Then Will came forward in turn, seized the Robbler’s right hand, wrang it hard and long⁠—⁠just to occupy the time, and prevent possible mischief⁠—⁠and poured forth hurried remarks, one after another, hastily, about Linnet’s first appearance, and the success of her singing. It was a friendly meeting. The manager chimed in, with Florian in his most ecstatic mood for chorus. Franz Lindner’s blood boiled; dazed and startled as he was, more than ever now he felt in his heart of how great a prize Andreas Hausberger had defrauded him. By trickery and stealth that sordid wretch had defrauded him. The ladies at the London Pavilion, indeed! Why, Linnet on those boards⁠—⁠Linnet in that dress⁠—⁠Linnet in her transformed and transfigured beauty⁠—⁠she was worth the whole troupe of them! Yet what could he do? Linnet held out her frank hand; Franz grasped it fervently. Her beauty surprised him. She was no longer, he saw well, the mere musical peasant girl; she had risen to the situation; she was now a great artist, a great lady, a queen of the theatre.

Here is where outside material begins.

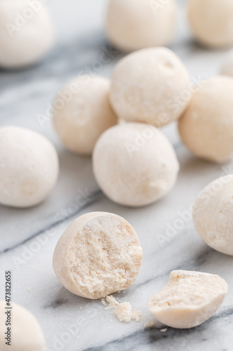 Kurut (kurt) cheese - traditional Asian cheese made from sheep's, goat's or cow's milk. Kazakh and Kyrgyz national food. white salty balls from dry cheese close-up on marble background
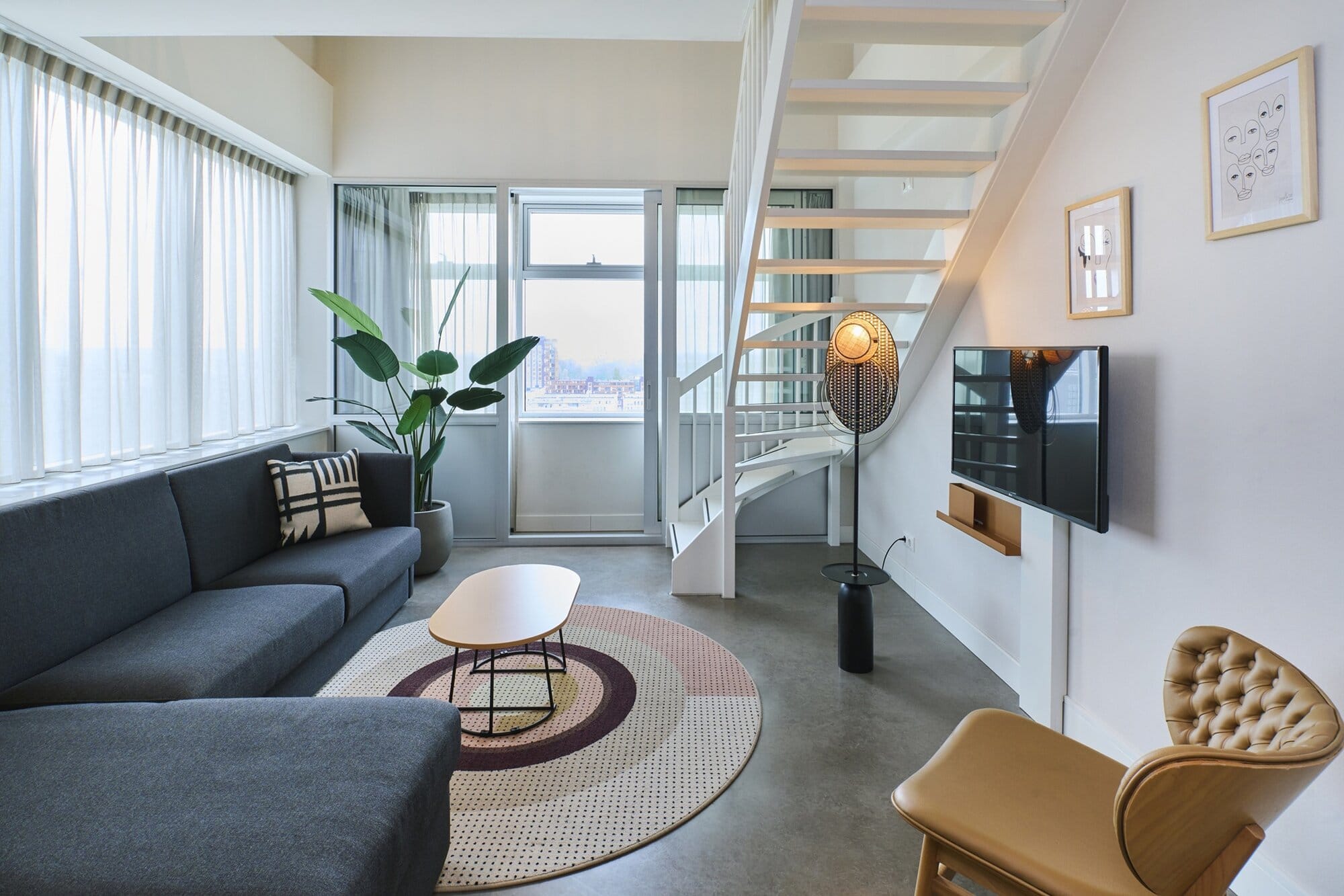 One apartment, two floors! Complete with private patio, this room type splits your living and sleeping areas from your kitchen, which is upstairs in a cosy loft

Primitive natures are quick. Their emotions are few, but strong and overpowering. Mood succeeds mood with something of the rapidity and successive effacement we see in children. Franz Lindner had entered that box, full of rage and anger, thirsting only for blood, eager to wreak his vengeance on the man who had offended him. He had no thought of love for Linnet then; only a fierce, keen sense of deadly resentment towards Andreas. Now, in a moment, as Linnet let her soft hand lie passive in his, like an old friend recovered, another set of feelings rushed over him irresistibly. His heart leaped up into his mouth at her pressure. Why, Linnet was beautiful; Linnet was exquisite; Linnet was a prize worth any man’s winning. If he stabbed Andreas then and there before his wife’s very eyes, he might glut his revenge, to be sure⁠—⁠but what would that avail him? Why go and be hanged for killing Linnet’s husband, and leave Linnet herself for some other man to woo, and win, and be happy with? Herr Will, there, would thank him, no doubt, for that chance; for he could plainly see by his eyes Herr Will was still deeply in love with Linnet. No, no,⁠—⁠hot heart; down, down for the present! Keep your hands off Andreas’s throat; wait for sweeter vengeance! To win away his wife from him, to steal her by force, to seduce her by soft words, to wile her by blandishment⁠—⁠that were a better revenge in the end than to stick a knife in him now⁠—⁠though to stick a knife, too, is very good requital! Sooner or later, Franz meant to have Andreas Hausberger’s blood. But not to be hanged for it. He would rather live on . . . to kill Hausberger first, and enjoy his wife afterwards.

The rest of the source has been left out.